Problem to work on ▸ Only the lines from the one containing "Vybavenie izieb ničím" through the last line below belong in your copy; transcribe them exactly and omit any pictures.

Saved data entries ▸

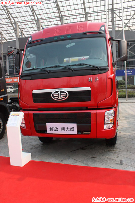 車輛型號為CA4226P2K2T3EA81的解放新大威6X2牽引車采用新大威平地板高頂加長全浮天窗駕駛室,顏色同樣為靚麗的水晶紅;動力搭載濰柴336馬力發(fā)動機,滿足國III排放標準;選用一汽 10檔變速箱;斯太爾后橋。
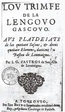 - J. G. d'Astros, Lou trimfe de la lengouo gascouo, Toulouso, Ian Boudo, 1642, reprint Nimes, C. Lacour éditeur, 2003.
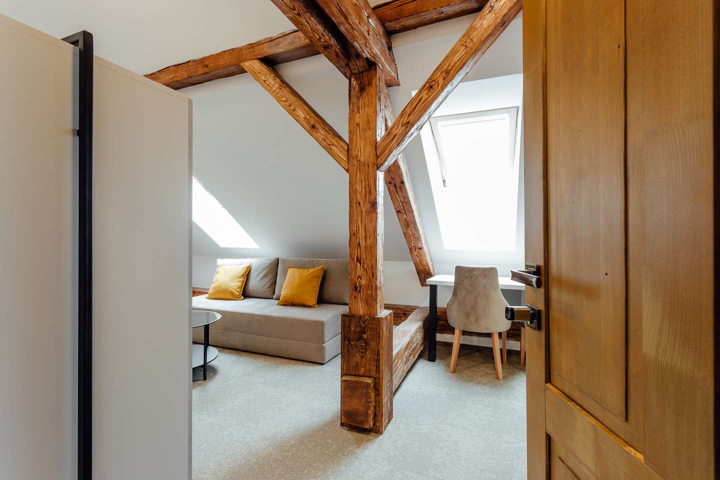Vybavenie izieb ničím nezaostáva za izbami Exclusive. Sú to izby podkrovného typu, nepôsobia preto tak vzdušne. V izbách sú priznané pôvodné trámy, ktoré sa podarilo zachovať.
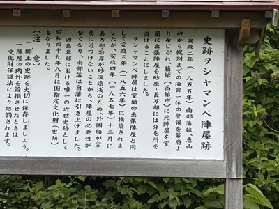 1856年に築造されたものの、長万部沿岸が遠浅で外国船が近づけないため陣屋の必要性が無くなりン南部藩は引き上げた、と。つまり1年も存在していなかった陣屋(分屯所)。
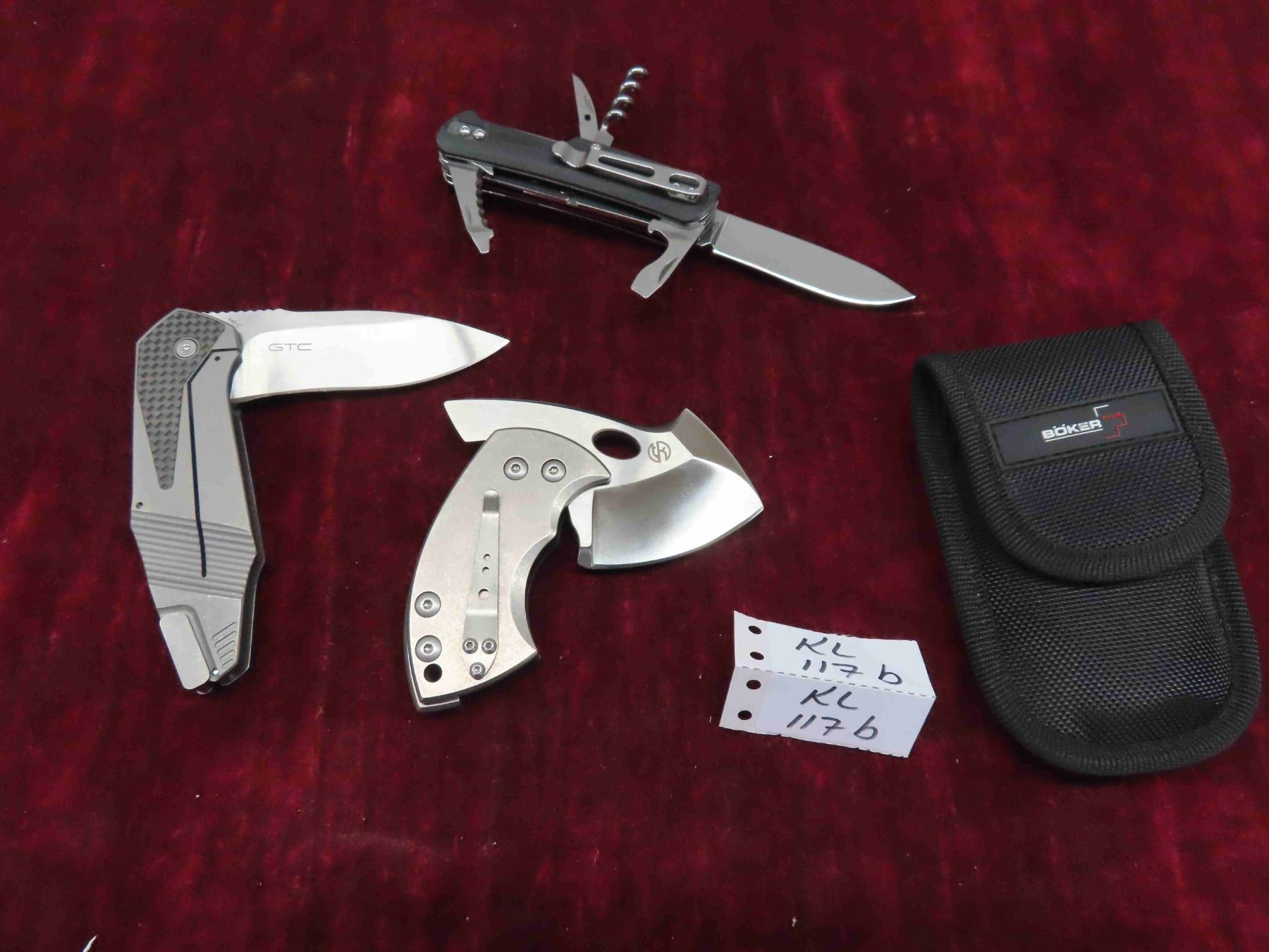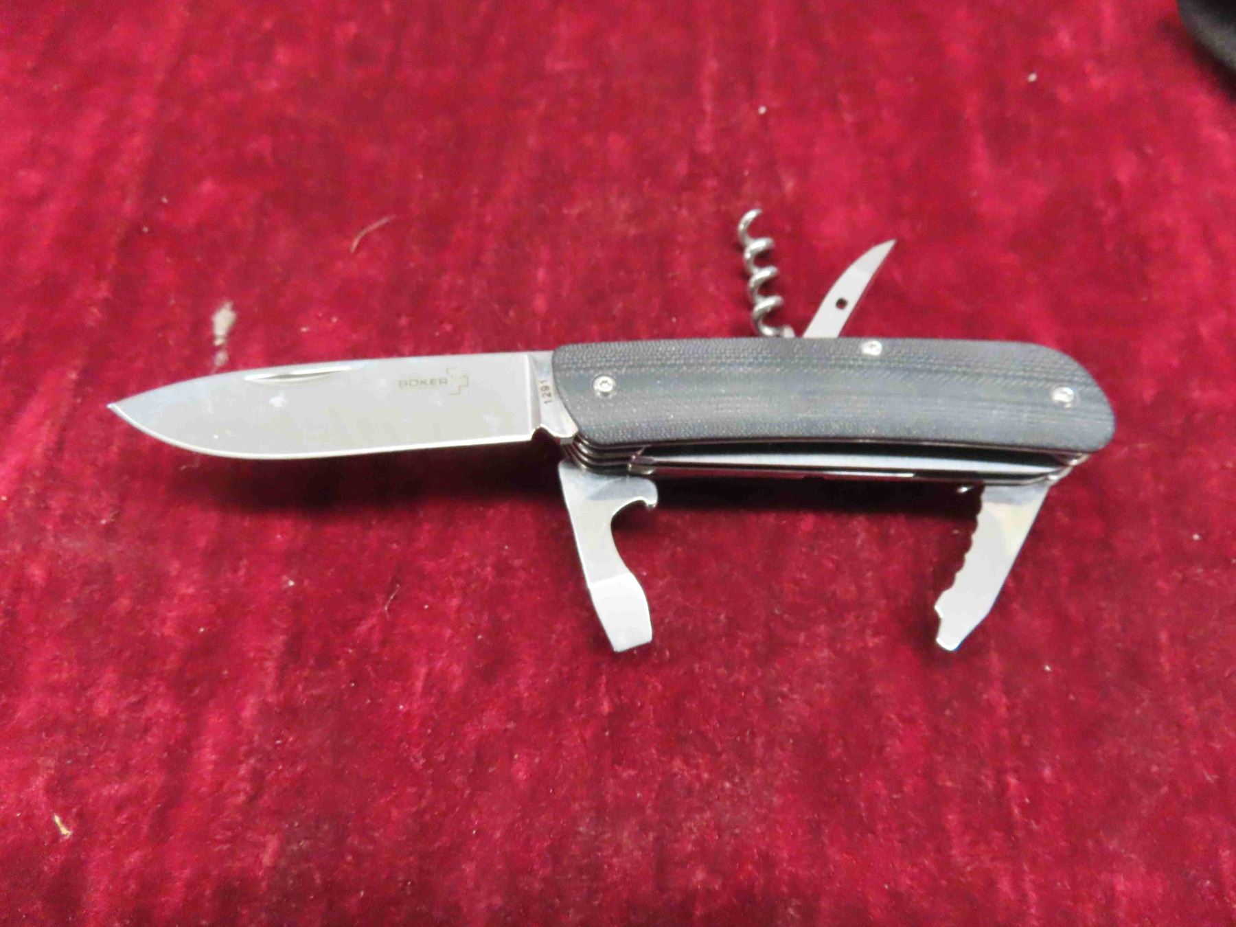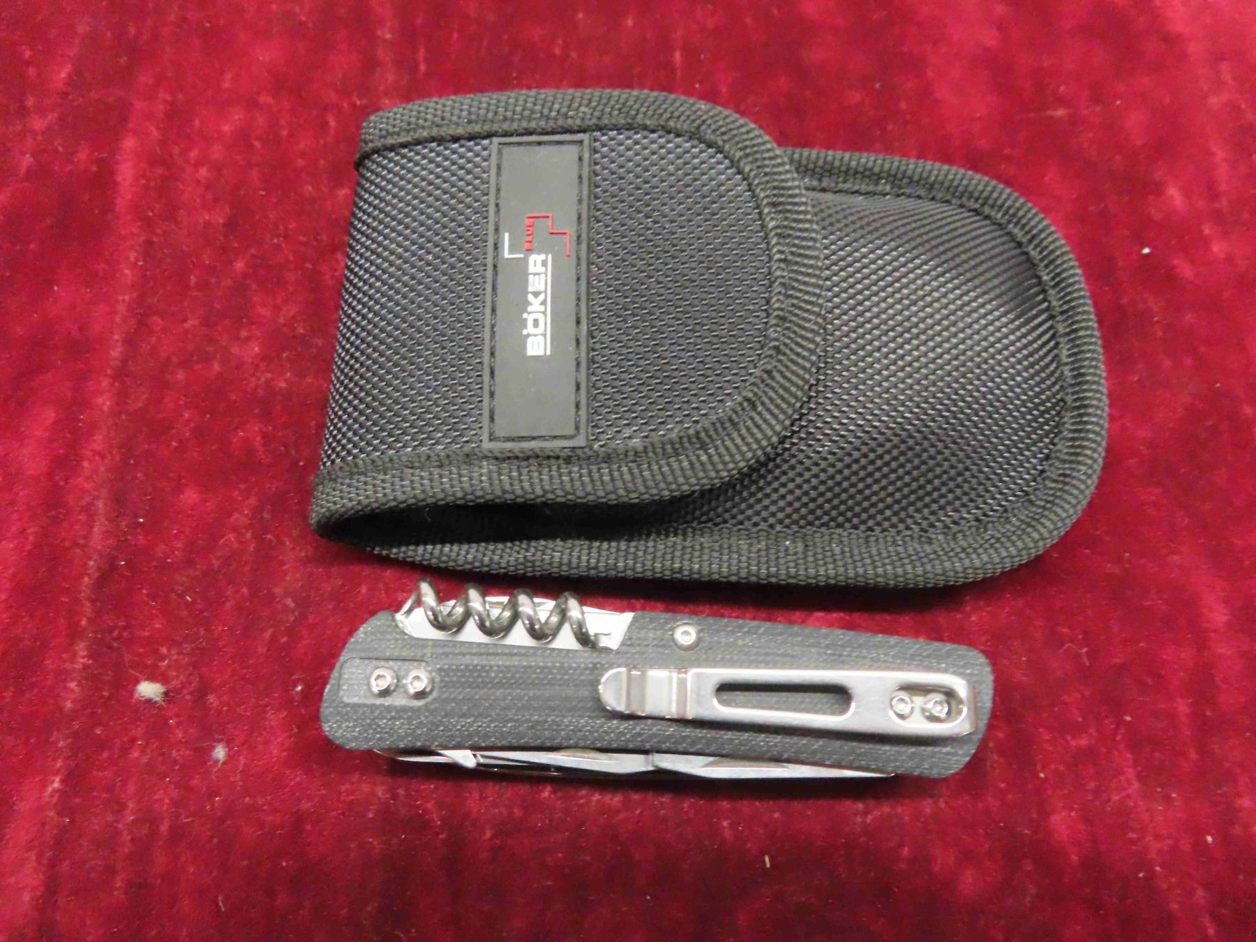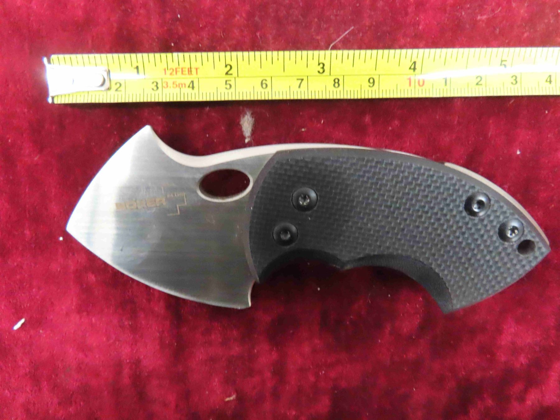 (3) Boker Knives: Federal Folding Titanium Handled HTC Design Blade 3.27'' Long Overall 7.95'' Long , War Toad G10 Friction Folder Knife Blade 2'' Long Overall 5.50'' Long, Tech Tool City IV Folding Multi Purpose

Exercise response ▸
Vybavenie izieb ničím nezaostáva za izbami Exclusive. Sú to izby podkrovného typu, nepôsobia preto tak vzdušne. V izbách sú priznané pôvodné trámy, ktoré sa podarilo zachovať.
 1856年に築造されたものの、長万部沿岸が遠浅で外国船が近づけないため陣屋の必要性が無くなりン南部藩は引き上げた、と。つまり1年も存在していなかった陣屋(分屯所)。
 (3) Boker Knives: Federal Folding Titanium Handled HTC Design Blade 3.27'' Long Overall 7.95'' Long , War Toad G10 Friction Folder Knife Blade 2'' Long Overall 5.50'' Long, Tech Tool City IV Folding Multi Purpose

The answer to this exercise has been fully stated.